**EXERCISE DESCRIPTION:** Pick out the lines below that contain the string "house" and copy them all.

**TASK DATA:**
================================

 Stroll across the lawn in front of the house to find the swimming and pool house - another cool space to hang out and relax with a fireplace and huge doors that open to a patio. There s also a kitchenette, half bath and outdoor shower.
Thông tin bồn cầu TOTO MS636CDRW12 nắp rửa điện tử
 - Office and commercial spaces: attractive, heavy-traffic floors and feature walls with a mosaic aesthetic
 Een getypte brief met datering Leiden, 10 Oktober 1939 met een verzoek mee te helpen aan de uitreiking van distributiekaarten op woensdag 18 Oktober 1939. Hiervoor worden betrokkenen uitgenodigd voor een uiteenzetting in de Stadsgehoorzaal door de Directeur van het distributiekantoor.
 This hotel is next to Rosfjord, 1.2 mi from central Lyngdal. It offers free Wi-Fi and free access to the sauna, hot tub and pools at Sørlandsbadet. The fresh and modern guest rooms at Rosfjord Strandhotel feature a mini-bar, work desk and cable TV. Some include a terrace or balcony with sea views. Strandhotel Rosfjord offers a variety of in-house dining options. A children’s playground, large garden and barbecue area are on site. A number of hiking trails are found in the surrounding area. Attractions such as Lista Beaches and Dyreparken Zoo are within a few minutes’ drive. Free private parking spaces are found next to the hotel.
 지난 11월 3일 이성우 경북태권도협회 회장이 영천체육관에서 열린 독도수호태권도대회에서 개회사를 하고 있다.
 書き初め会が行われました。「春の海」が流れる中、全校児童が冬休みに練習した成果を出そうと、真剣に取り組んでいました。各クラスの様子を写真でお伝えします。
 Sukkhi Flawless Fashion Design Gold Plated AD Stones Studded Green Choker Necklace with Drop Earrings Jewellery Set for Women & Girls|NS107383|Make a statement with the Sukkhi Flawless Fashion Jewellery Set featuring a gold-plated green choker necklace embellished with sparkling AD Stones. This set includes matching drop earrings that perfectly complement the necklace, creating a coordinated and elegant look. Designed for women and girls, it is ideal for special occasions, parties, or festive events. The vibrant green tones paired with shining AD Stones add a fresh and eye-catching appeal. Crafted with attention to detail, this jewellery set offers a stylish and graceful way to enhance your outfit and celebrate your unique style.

================================

**RESPONSE TO THIS EXERCISE:**
 Stroll across the lawn in front of the house to find the swimming and pool house - another cool space to hang out and relax with a fireplace and huge doors that open to a patio. There s also a kitchenette, half bath and outdoor shower.
 This hotel is next to Rosfjord, 1.2 mi from central Lyngdal. It offers free Wi-Fi and free access to the sauna, hot tub and pools at Sørlandsbadet. The fresh and modern guest rooms at Rosfjord Strandhotel feature a mini-bar, work desk and cable TV. Some include a terrace or balcony with sea views. Strandhotel Rosfjord offers a variety of in-house dining options. A children’s playground, large garden and barbecue area are on site. A number of hiking trails are found in the surrounding area. Attractions such as Lista Beaches and Dyreparken Zoo are within a few minutes’ drive. Free private parking spaces are found next to the hotel.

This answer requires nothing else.